(Published January, 2008)
There will be only one total lunar eclipse visible from Ottawa this year and, weather permitting, it will be an excellent one for viewing. (Although totality will be considerably shorter than during last year’s eclipse, the moon will be well placed in the sky and we will see the entire event.) It is on the evening of February 20, 2008.
Here are the official timings as published by NASA (converted to Eastern Standard Time). Note this eclipse happened in 2008 — these times do not apply to any eclipse that may be approaching now. They are left in this article to give an idea how long the phases can take. The terminology is explained below.
|Penumbral Eclipse Begins:
|Partial Eclipse Begins:
|Total Eclipse Begins:
|Total Eclipse Ends:
|Partial Eclipse Ends:
|Penumbral Eclipse Ends:
What we’ll see
The effects labeled Penumbral are not visible to the casual observer (see explanation below), so we are interested in the Partial and Total times.
At about 8:43 PM we will first see a “bite” being taken out of one side of the moon. Over the next hour this will grow in size until the moon is totally eclipsed at 10:01 PM. While totally eclipsed, the moon is not invisible, but will be a dark dusky red-brown. A sliver of bright crescent will re-appear about 10:51 PM, gradually growing until the fully bright full moon is restored a few minutes past midnight.
A total lunar eclipse is the result of the Earth’s shadow crossing the moon’s disk. If you think about this, it’s clear that, for the Sun to be throwing the Earth’s shadow directly at the moon, the Sun and Moon must be on exactly opposite sides of the Earth.
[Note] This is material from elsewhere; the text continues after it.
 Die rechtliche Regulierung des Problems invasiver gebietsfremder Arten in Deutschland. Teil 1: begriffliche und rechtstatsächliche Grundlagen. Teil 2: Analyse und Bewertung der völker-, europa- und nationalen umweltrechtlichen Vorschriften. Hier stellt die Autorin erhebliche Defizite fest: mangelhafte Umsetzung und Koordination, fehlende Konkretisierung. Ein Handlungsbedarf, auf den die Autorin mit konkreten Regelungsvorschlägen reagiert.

That’s also the definition of Full Moon, which is why total lunar eclipses can only occur when the moon is full. (Why isn’t there an eclipse every time the moon is full? That’s discussed below.)
Umbra & Penumbra
To understand the term penumbral as used in the timetable above, we need to think about the fact that the Sun is very large and is close enough to the Earth that it doesn’t act like a point source. From a given point of view behind the Earth, light from one side of the Sun may be blocked by the Earth while light from the other side of the Sun is still visible.
The area of complete shadow behind the Earth is called the Umbra. Anyone in the Umbra would not be able to see any part of the Sun.
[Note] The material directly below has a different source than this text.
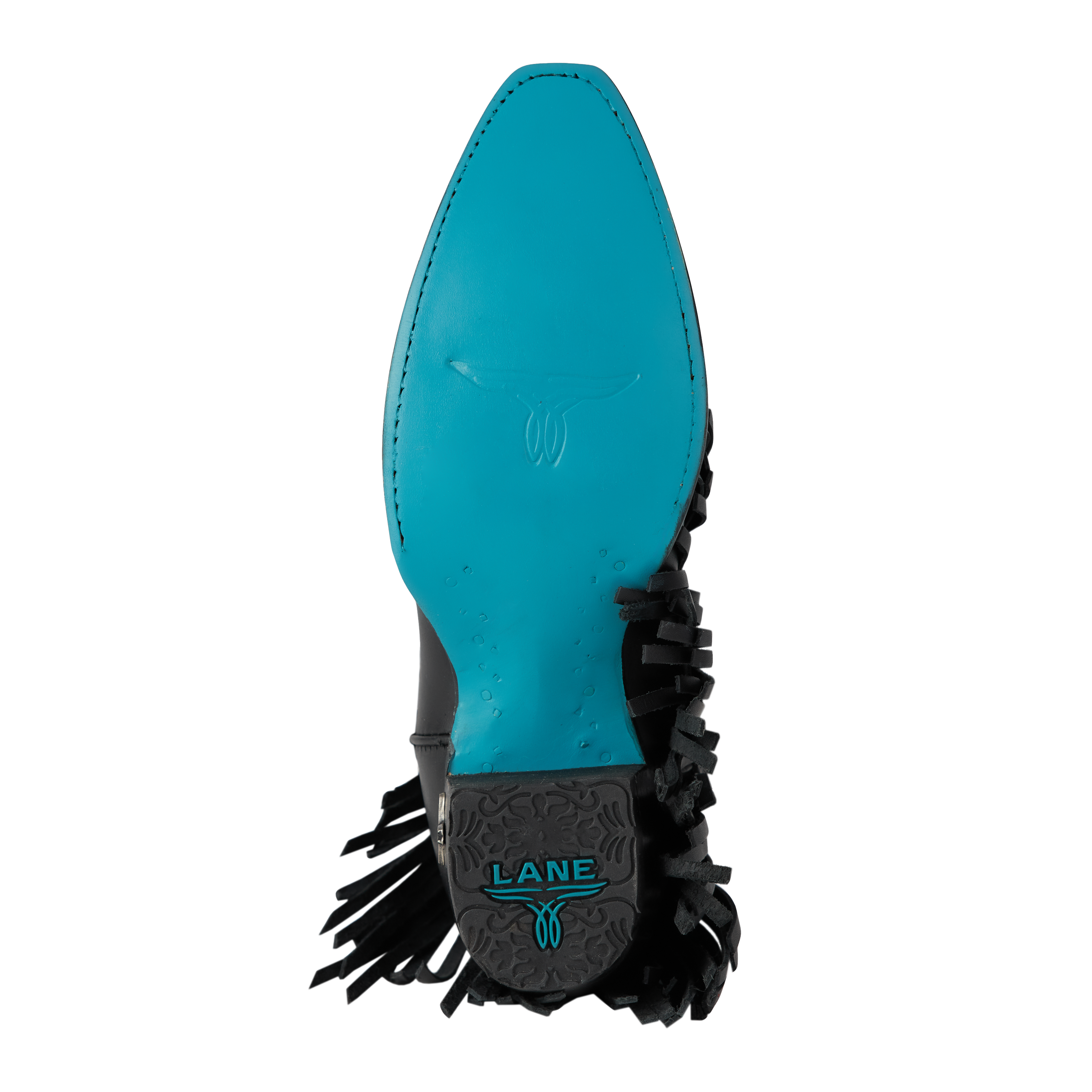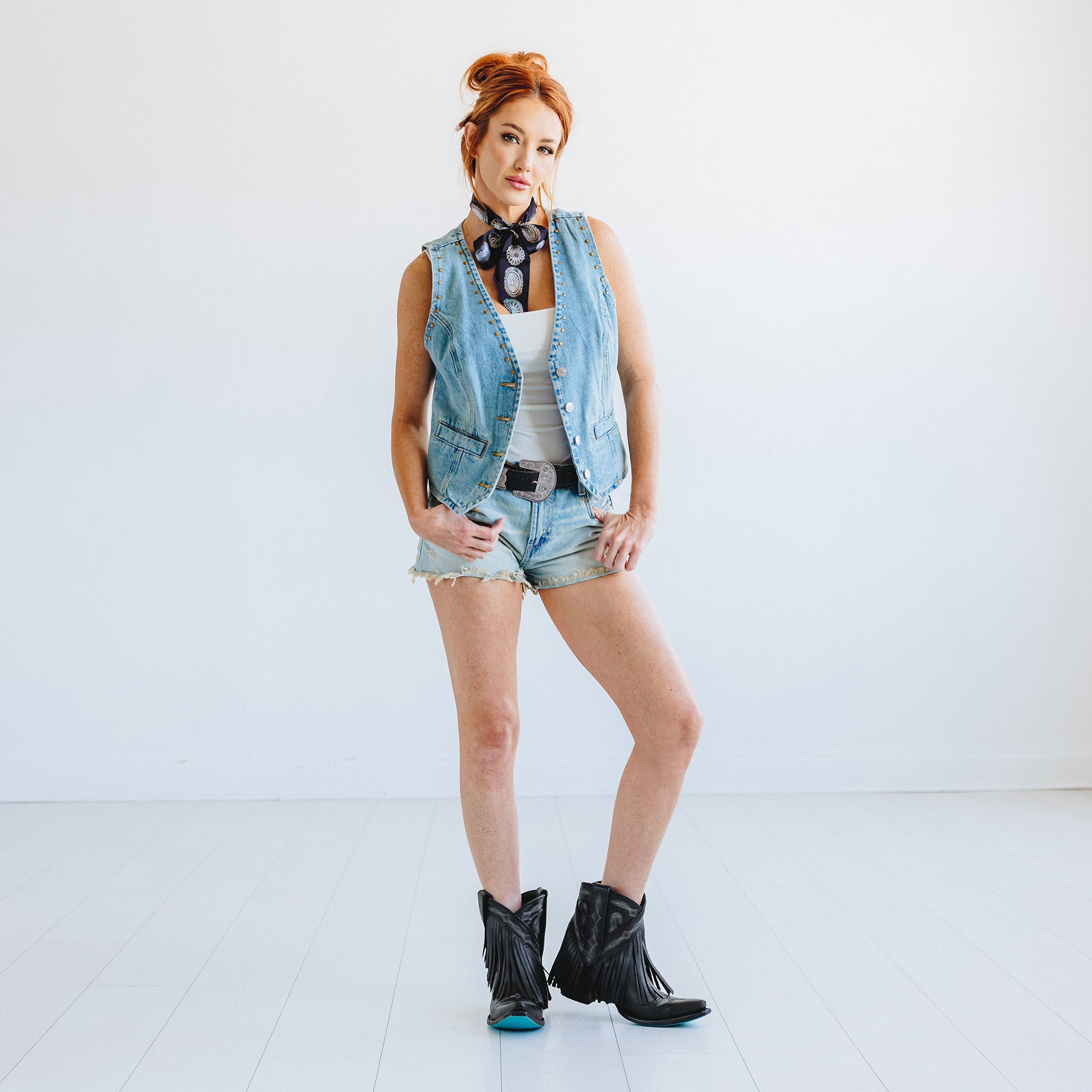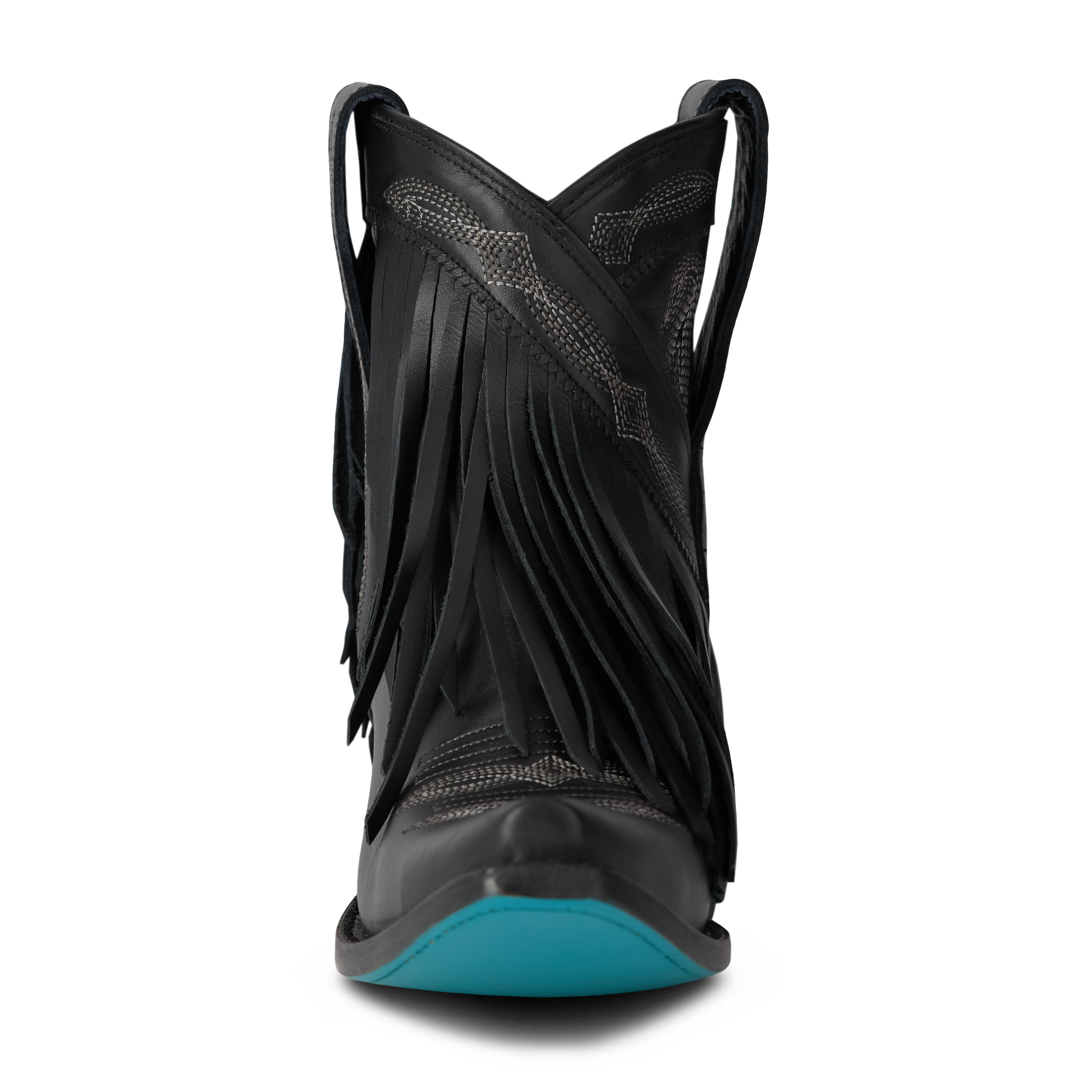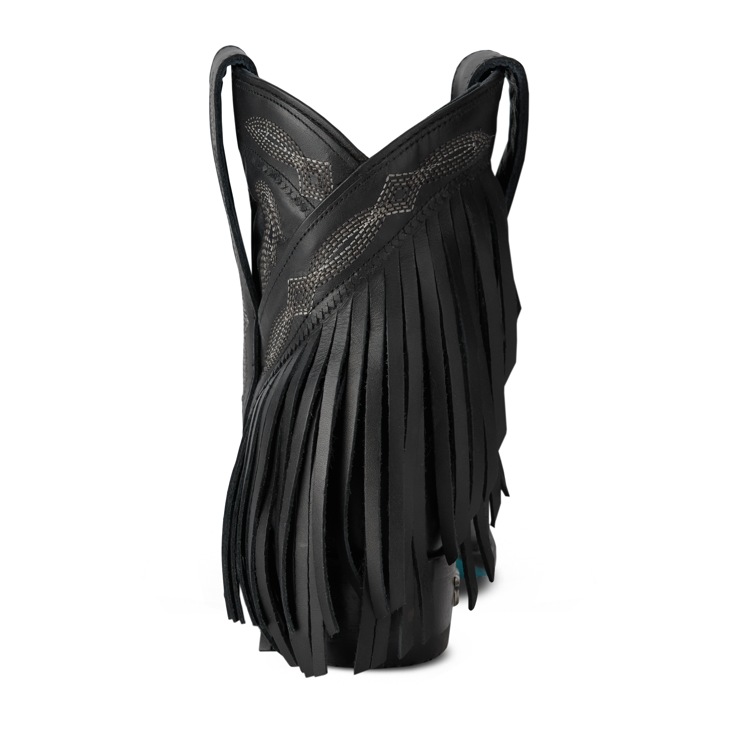 From rodeo to runway this chic boho western cowgirl bootie is ready for wherever the night takes you. A modern play on traditional flame stitch & asymmetrical fringe detailing. She's a must have in your closet. Dress her down with a chunky sweater and oversized blouse or spice her up for the ultimate girls night out with your favorite mini dress.

In the Penumbra area, part of the Sun will be obscured by the Earth, but part will be visible. For example, someone near the word “Penumbra” in the diagram above can see the upper part of the Sun but not the lower part.
We say the moon is in total eclipse when it is entirely in the Umbra — in complete shadow. When the moon is in the Penumbra it is, technically, receiving less sunlight, but the Sun is so bright that the difference is not noticeable to a casual observer.
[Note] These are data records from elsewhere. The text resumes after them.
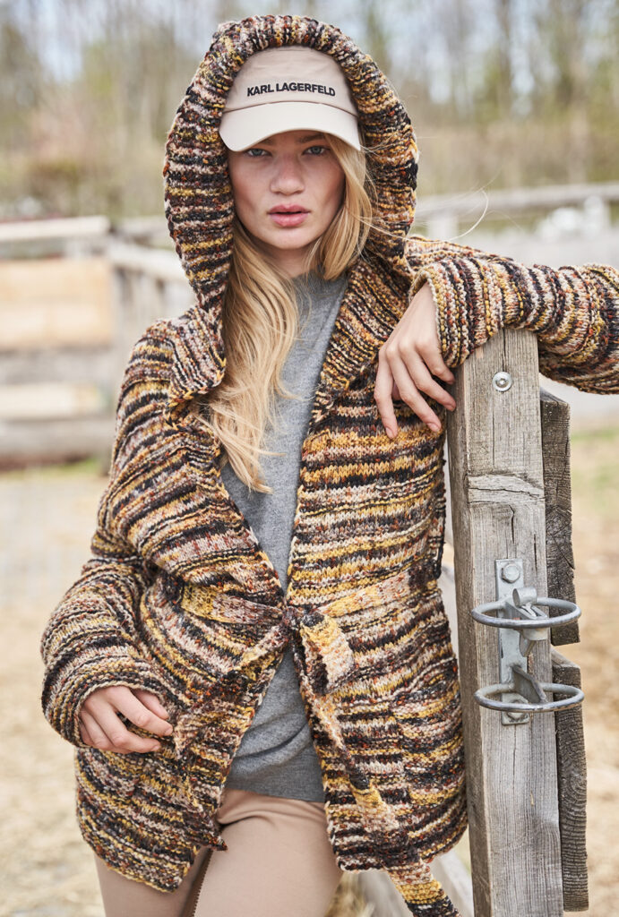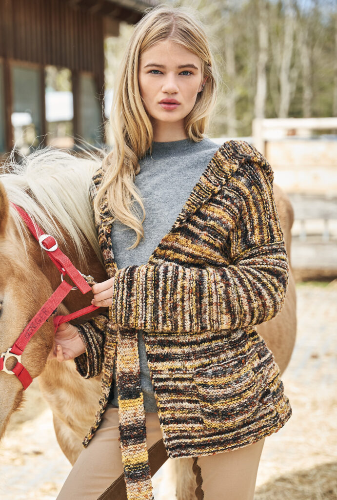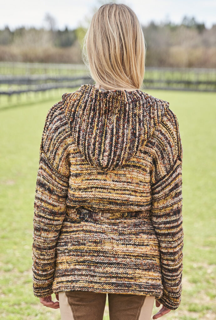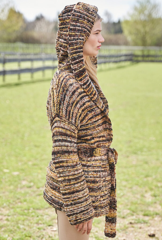Einfach im Querrippenmuster aus rechten und linken Maschen stricken, der tolle Streifeneffekt entsteht aus dem Knäuel heraus. Kapuze, Taschen und Gürtel sind die modischen Details, die der Jacke die besondere Note verleihen. Gestrickt wird in einzelnen Teilen von unten nach oben. Die Musterfolge ist nicht kompliziert und Reihe für Reihe in der Anleitung ausführlich beschrieben. Besonders praktisch: Die Kapuze wird gleich mitgestrickt! So müssen für die Fertigstellung zum Schluss nur noch alle Nähte geschlossen und die Gürtelschlaufen aufgehäkelt werden.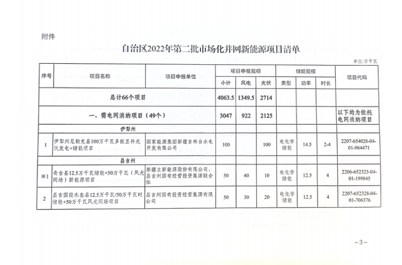 中國儲能網(wǎng)訊:近日,新疆公布2022年第二批市場化并網(wǎng)新能源項(xiàng)目清單,總計66個項(xiàng)目,規(guī)??傆嫗?0.63GW,其中光伏為27.14GW,風(fēng)電為13.49GW,儲能超6.9GW。其中有32個項(xiàng)目為近1個月內(nèi)購開工建設(shè)的項(xiàng)目,按照地州及企業(yè)承諾以盡快開工。源網(wǎng)荷儲一體化項(xiàng)目不得向大電網(wǎng)送電。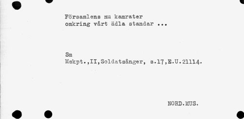 //// Församlens nu kamrater //// omkring vårt ädla standar ... //// Sm //// , Mskpt.,11,Soldatsånger, s.l7,E.U.21114. //// NORD. MUS. ////

Why isn’t it Invisible? Why is it Red?
When the moon is in total eclipse, it is in the Umbra, which means it is in complete shadow. So why can we still see it? A moon in total eclipse doesn’t disappear, it just turns a very dark smoky red colour.
The moon appears red for the same reason that sunsets on the Earth appear red. The earth’s atmosphere contains particles (dust and moisture) that have the effect of scattering the light that passes through it. Red light is scattered the most (the amount of scattering is a function of the wavelength of the light being scattered as related to the size of the interfering particles).
As sunlight streams by the Earth, the thin layer of atmosphere scatters some of the red light, throwing it into the Umbra. So objects that should be in full shadow are, instead, received a small amount of red-coloured illumination from scattered sunlight.
When do Eclipses Happen?
As mentioned above, a total lunar eclipse requires a full moon, but a full moon does not guarantee a total lunar eclipse.
That’s because the plane of the moon’s orbit around the Earth is not exactly in line with the plane of the Earth’s orbit around the Sun. If these were precisely aligned, then every time there was a full moon there would be a total lunar eclipse.
Instead, the plane of the moon’s orbit around the Earth is tilted about 5 degrees from the plane of the Earth’s orbit around the sun.
The result is that the moon’s orbit frequently places it outside the Earth’s Umbra. Only when the tilted orbit happens to bring the moon in line with the Earth-Sun line does a total eclipse occur.
Viewed from somewhere on Earth, there are always at least 2 total lunar eclipses in a year, and there can be as many as 3. On average, there are 2.44 total lunar eclipses per year. (There is, of course, no guarantee that these eclipses are timed for the convenience of Ottawa observers. This year, only one is during our night time.)